A lot of potential for disruption in your own cabinet

With an ultimatum, she temporarily closed the ranks again. However, the happy event of the Italian right coming to power, which the three party leaders have been working towards for years, has been tarnished. When the designated head of government appeared in front of the assembled press after her meeting with the president on Friday with a serious face, Salvini and Berlusconi stood next to her with a bitter smile.

The harmony played should not last long. Berlusconi is not the only one to criticize Meloni’s pro-European and pro-Atlantic course. There are also many people who understand Putin in the ranks of the Lega. If energy and food prices continue to rise, criticism of sanctions against Russia is likely to become louder.

Meloni has brought several close confidants into the cabinet and filled the most important posts with people who represent their line. The new foreign minister, Antonio Tajani, is an ardent European. He sat in the European Parliament for years and was even its President. He represents the more sensible wing of Forza Italia and, as Berlusconi’s deputy, will try to minimize his influence in the government. But there are also party colleagues in the cabinet and in parliament who still follow the aged boss blindly. You will make it difficult for the hated Meloni to govern.

With Giancarlo Giorgetti, Meloni has made a capable Lega man Finance Minister. He is considered an admirer of Mario Draghi and has been a moderating counterbalance to party leader Matteo Salvini behind the scenes in recent years. Meloni has refused the desired interior ministry. Instead, he is now infrastructure minister and at the same time, as a treat, her deputy. First of all, the great self-promoter has lined up. In the future, however, he too will seize every opportunity to make his mark, even if it harms the government.

Giorgia Meloni left office on Saturday not as a beaming winner, but as a worn-out leader of a divided coalition. Four weeks after her electoral success, she is likely to feel as powerless as most of her predecessors.

Against abortion and same-sex partnerships

Since in the last four weeks almost only personal details and hardly any political content has been negotiated, it is still difficult to predict where Italy will go under Giorgia Meloni. The far-right politician has very limited room for maneuver in European and economic policy. Italy is too dependent on the billions from the EU’s recovery fund to afford budgetary adventures or go it alone in Europe. Apart from that, the influential entrepreneurs in the country are also very critical of a rapprochement with the countries of Hungary and Poland, which are led by right-wing nationalist governments, and plead for good relations with Brussels, Paris and Berlin.

But does Meloni really have what it takes to transform a nationalist far-right party into a pro-European conservative force?
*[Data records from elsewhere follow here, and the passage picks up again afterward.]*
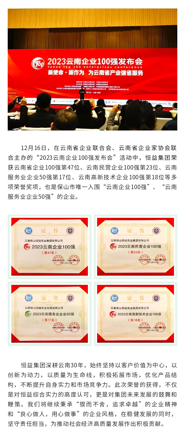 喜訊丨恒益集團(tuán)獲得“2023云南企業(yè)100強(qiáng)”等多項(xiàng)榮譽(yù)獎(jiǎng)項(xiàng) 來(lái)源: 瀏覽量:4868 日期:2023-12-16 分享到: 上一篇:考察聯(lián)誼謀發(fā)展,合作共贏譜新篇 下一篇:騰沖市恒益礦產(chǎn)品經(jīng)貿(mào)有限責(zé)任公司滇灘鐵礦東排土場(chǎng)建設(shè)項(xiàng)目環(huán)境影響評(píng)價(jià)公眾參與第二次信息公示
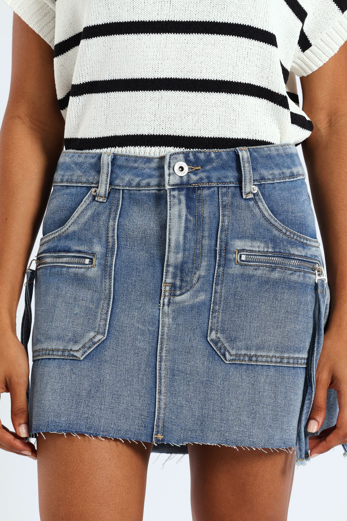 Zip Detail Denim Mini Skirt - Salty Dark Wash
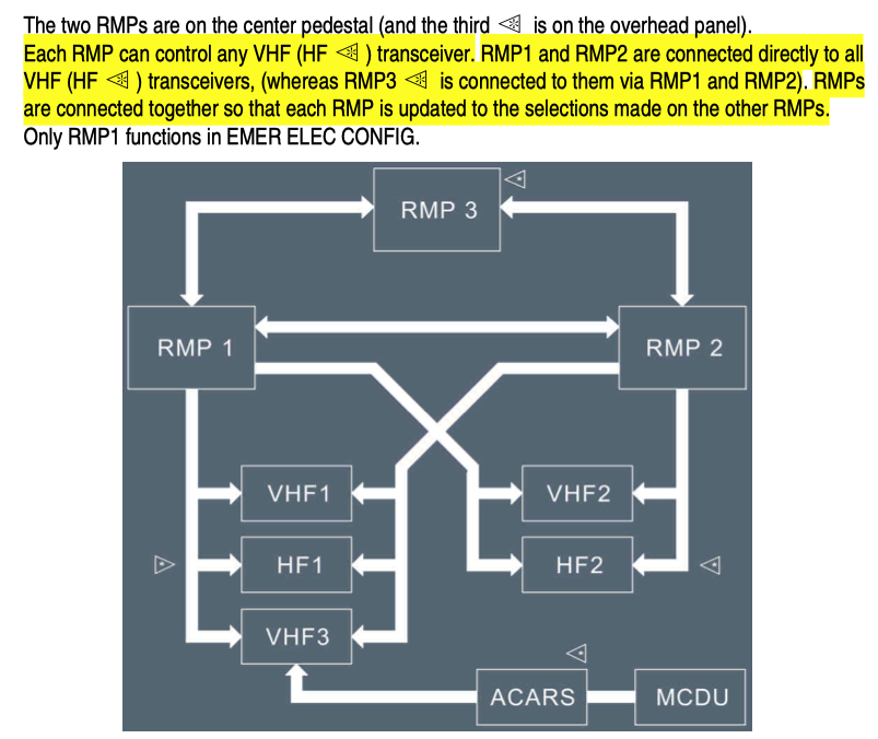 Each RMP can control any VHF transceiver. RMP1 and RMP2 are connected directly to all VHF transceivers, (whereas RMP3 is connected to them via RMP1 and RMP2).
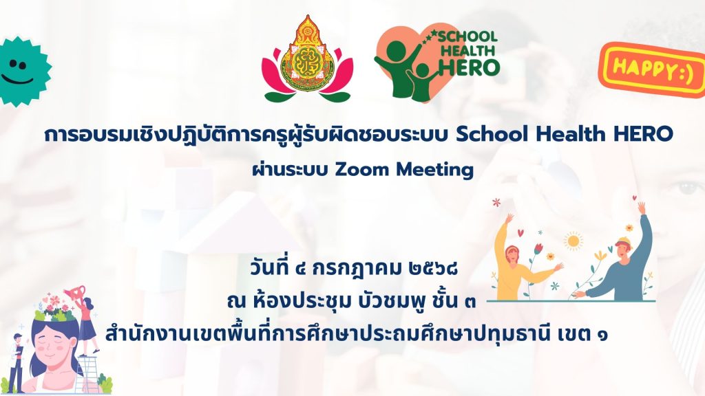 วันศุกร์ที่ 4 กรกฎาคม 2568 เวลา 09.00 น. นายคำโพธิ์ บุญสิงห์ ผู้อำนวยการสำนักงานเขตพื้นที่การศึกษาประถมศึกษาปทุมธานี เขต 1 มอบหมายให้ นางช่อลดา ทองผิว ผู้อำนวยการกลุ่มส่งเสริมการจัดการศึกษา พร้อมด้วยบุคลากรกลุ่มส่งเสริมการจัดการศึกษา ดำเนินโครงการจัดอบรมเชิงปฏิบัติการครูผู้รับผิดชอบงาน School Health HERO ในรูปแบบออนไลน์ ผ่านระบบ Zoom Meeting ณ ห้องประชุมบัวชมพู สำนักงานเขตพื้นที่การศึกษาประถมศึกษาปทุมธานี เขต 1
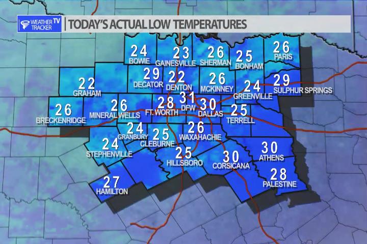 It was a frosty cold start to your Wednesday morning across North Texas. Actual lows this morning were below freezing with 20’s for most of us.
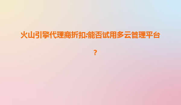 2025-07-11火山引擎代理商折扣:多云管理平臺免費試用開啟企業(yè)上云新體驗 火山引擎多云管理平臺的靈活試用政策 作為數(shù)字化轉(zhuǎn)型升級的重要工具,火山引擎多云管理平臺面向企業(yè)用戶提供了靈活的試用政策。通過官方...

Or does she turn out to be a she-wolf in sheep’s clothing, who appears moderate for reasons of electoral tactics, but then falls back to her radical positions in the heat of daily politics? Meloni probably doesn’t know the answer to this question himself.

In order to satisfy their traditional base on the extreme right, Meloni initially only remains with socio-political projects such as the fight against abortion and same-sex partnerships. She has already given a worrying signal in this regard. The new head of the Chamber of Deputies is Lorenzo Fontana, an ultra-conservative representative of the pro-life movement. He belongs to a reactionary Catholic community and, among other things, spreads conspiracy theories according to which Muslim immigration is intended to purposefully displace the Christian majority population in Europe.

However, the vast majority of Italians are relatively liberal, and excessive restrictions on the rights of women, LGBT and other minorities would meet with resistance in the country. All the more so since many women expect improvements for their own sex, not fewer freedoms, from Meloni, the first prime minister in Italy’s history. The new head of government’s room for maneuver is limited, even in the socio-political area.